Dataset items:
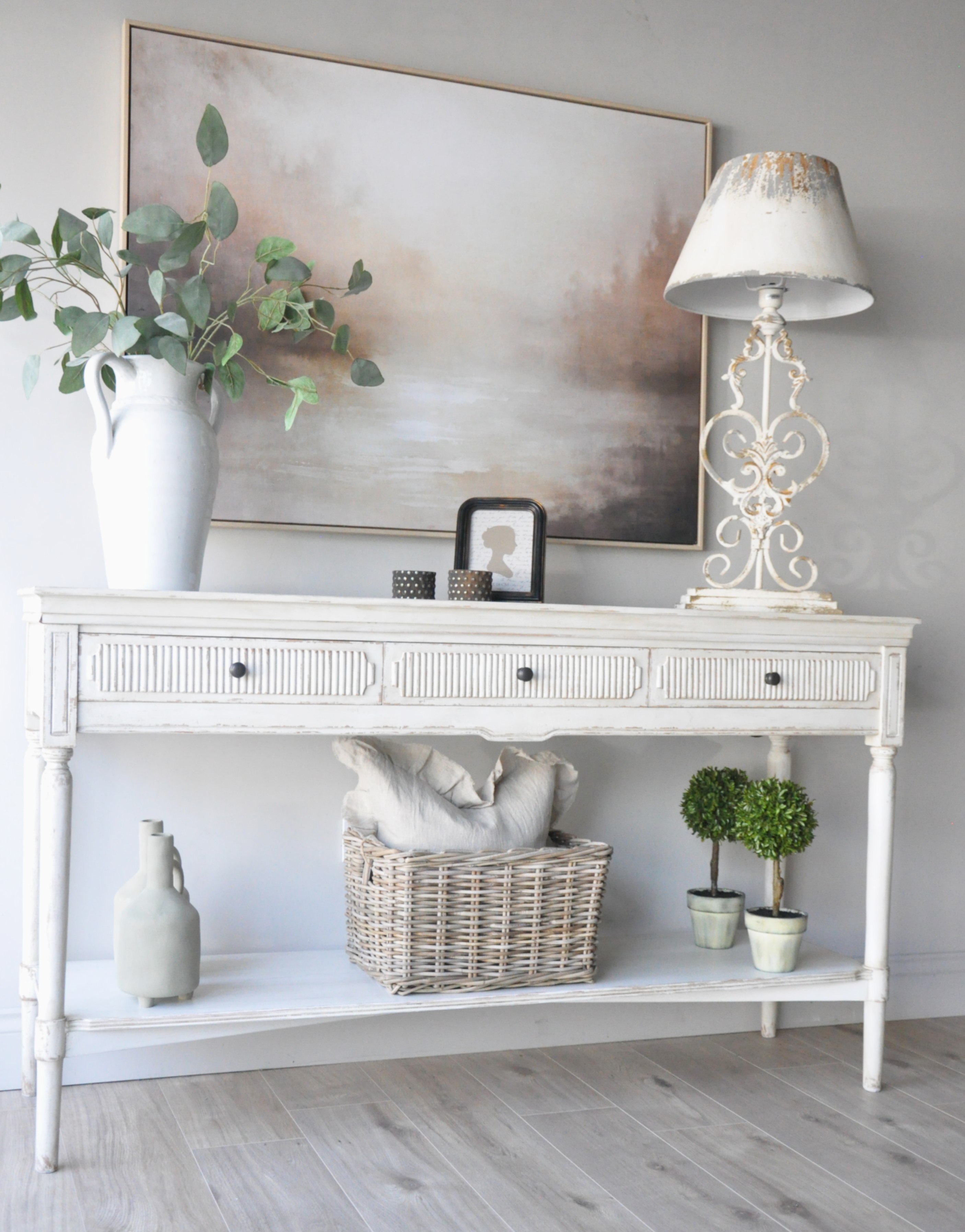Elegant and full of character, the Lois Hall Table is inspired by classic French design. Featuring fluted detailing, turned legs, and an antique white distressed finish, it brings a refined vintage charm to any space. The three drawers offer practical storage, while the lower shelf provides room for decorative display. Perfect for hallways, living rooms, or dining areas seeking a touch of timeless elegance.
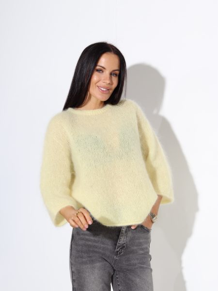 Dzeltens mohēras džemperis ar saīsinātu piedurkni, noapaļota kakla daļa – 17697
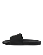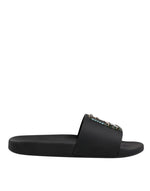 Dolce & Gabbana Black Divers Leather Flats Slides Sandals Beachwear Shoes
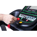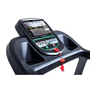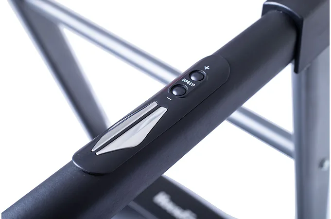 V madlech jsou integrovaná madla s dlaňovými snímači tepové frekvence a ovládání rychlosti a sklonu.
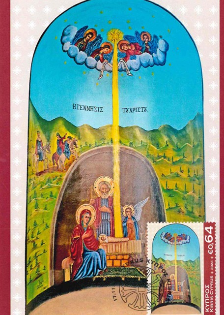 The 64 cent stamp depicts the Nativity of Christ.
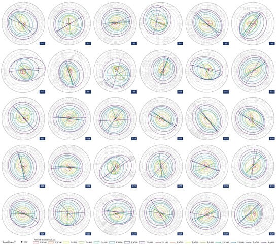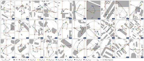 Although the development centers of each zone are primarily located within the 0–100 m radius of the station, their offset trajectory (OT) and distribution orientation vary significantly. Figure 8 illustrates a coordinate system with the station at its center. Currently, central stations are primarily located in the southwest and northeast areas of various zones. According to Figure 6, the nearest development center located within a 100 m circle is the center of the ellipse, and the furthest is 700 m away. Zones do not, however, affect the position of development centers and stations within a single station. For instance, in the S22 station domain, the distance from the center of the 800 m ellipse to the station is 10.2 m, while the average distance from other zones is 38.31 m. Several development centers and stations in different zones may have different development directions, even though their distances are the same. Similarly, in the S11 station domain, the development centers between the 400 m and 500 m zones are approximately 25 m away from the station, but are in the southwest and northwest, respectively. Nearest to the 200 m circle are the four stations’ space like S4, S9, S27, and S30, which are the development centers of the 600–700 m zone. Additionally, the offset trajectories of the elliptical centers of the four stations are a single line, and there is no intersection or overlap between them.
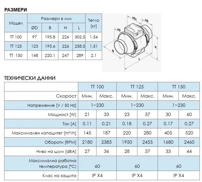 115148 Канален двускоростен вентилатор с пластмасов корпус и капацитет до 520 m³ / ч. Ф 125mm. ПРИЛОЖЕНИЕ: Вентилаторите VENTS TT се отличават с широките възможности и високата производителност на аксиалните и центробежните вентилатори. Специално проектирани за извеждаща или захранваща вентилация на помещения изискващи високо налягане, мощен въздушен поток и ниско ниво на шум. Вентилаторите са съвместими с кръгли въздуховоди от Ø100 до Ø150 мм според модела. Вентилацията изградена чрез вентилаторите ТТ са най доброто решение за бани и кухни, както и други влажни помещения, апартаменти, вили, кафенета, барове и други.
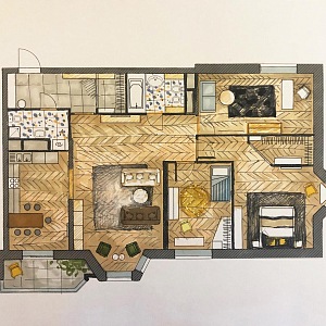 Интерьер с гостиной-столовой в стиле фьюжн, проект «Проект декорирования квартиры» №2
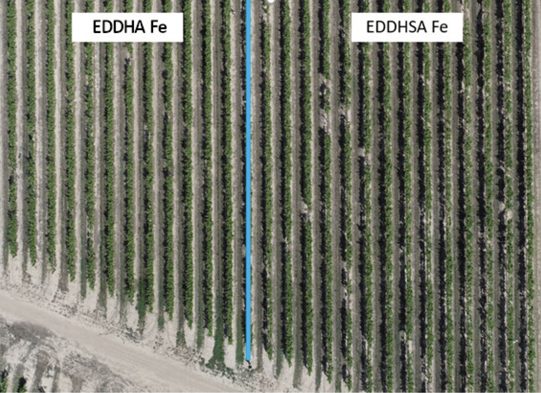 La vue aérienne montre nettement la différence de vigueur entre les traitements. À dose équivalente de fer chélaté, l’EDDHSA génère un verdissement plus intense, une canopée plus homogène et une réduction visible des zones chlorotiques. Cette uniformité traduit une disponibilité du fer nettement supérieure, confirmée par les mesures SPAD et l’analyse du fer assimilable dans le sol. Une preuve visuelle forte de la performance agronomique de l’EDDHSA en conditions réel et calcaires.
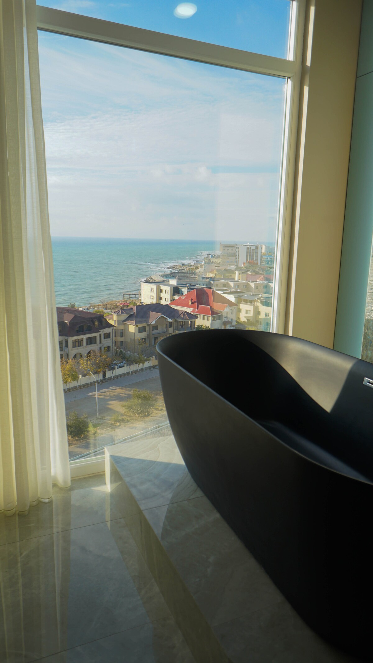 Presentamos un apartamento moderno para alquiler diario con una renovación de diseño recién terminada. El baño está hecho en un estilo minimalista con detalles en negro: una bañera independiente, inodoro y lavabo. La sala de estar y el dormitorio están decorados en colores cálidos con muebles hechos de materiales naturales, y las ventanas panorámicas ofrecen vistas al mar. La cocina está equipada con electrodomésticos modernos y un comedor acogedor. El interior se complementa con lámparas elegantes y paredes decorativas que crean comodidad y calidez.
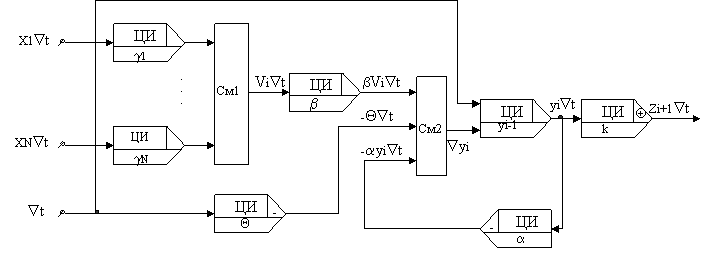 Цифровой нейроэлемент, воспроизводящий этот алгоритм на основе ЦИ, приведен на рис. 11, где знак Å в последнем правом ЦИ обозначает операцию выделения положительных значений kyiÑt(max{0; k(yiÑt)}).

== Goal of the exercise ==
Without the pictures, set down the lines above from the line with "Dolce & Gabbana" up to and including the line with "Although the development" exactly as they stand.

== Answer section ==
 Dolce & Gabbana Black Divers Leather Flats Slides Sandals Beachwear Shoes
 V madlech jsou integrovaná madla s dlaňovými snímači tepové frekvence a ovládání rychlosti a sklonu.
 The 64 cent stamp depicts the Nativity of Christ.
 Although the development centers of each zone are primarily located within the 0–100 m radius of the station, their offset trajectory (OT) and distribution orientation vary significantly. Figure 8 illustrates a coordinate system with the station at its center. Currently, central stations are primarily located in the southwest and northeast areas of various zones. According to Figure 6, the nearest development center located within a 100 m circle is the center of the ellipse, and the furthest is 700 m away. Zones do not, however, affect the position of development centers and stations within a single station. For instance, in the S22 station domain, the distance from the center of the 800 m ellipse to the station is 10.2 m, while the average distance from other zones is 38.31 m. Several development centers and stations in different zones may have different development directions, even though their distances are the same. Similarly, in the S11 station domain, the development centers between the 400 m and 500 m zones are approximately 25 m away from the station, but are in the southwest and northwest, respectively. Nearest to the 200 m circle are the four stations’ space like S4, S9, S27, and S30, which are the development centers of the 600–700 m zone. Additionally, the offset trajectories of the elliptical centers of the four stations are a single line, and there is no intersection or overlap between them.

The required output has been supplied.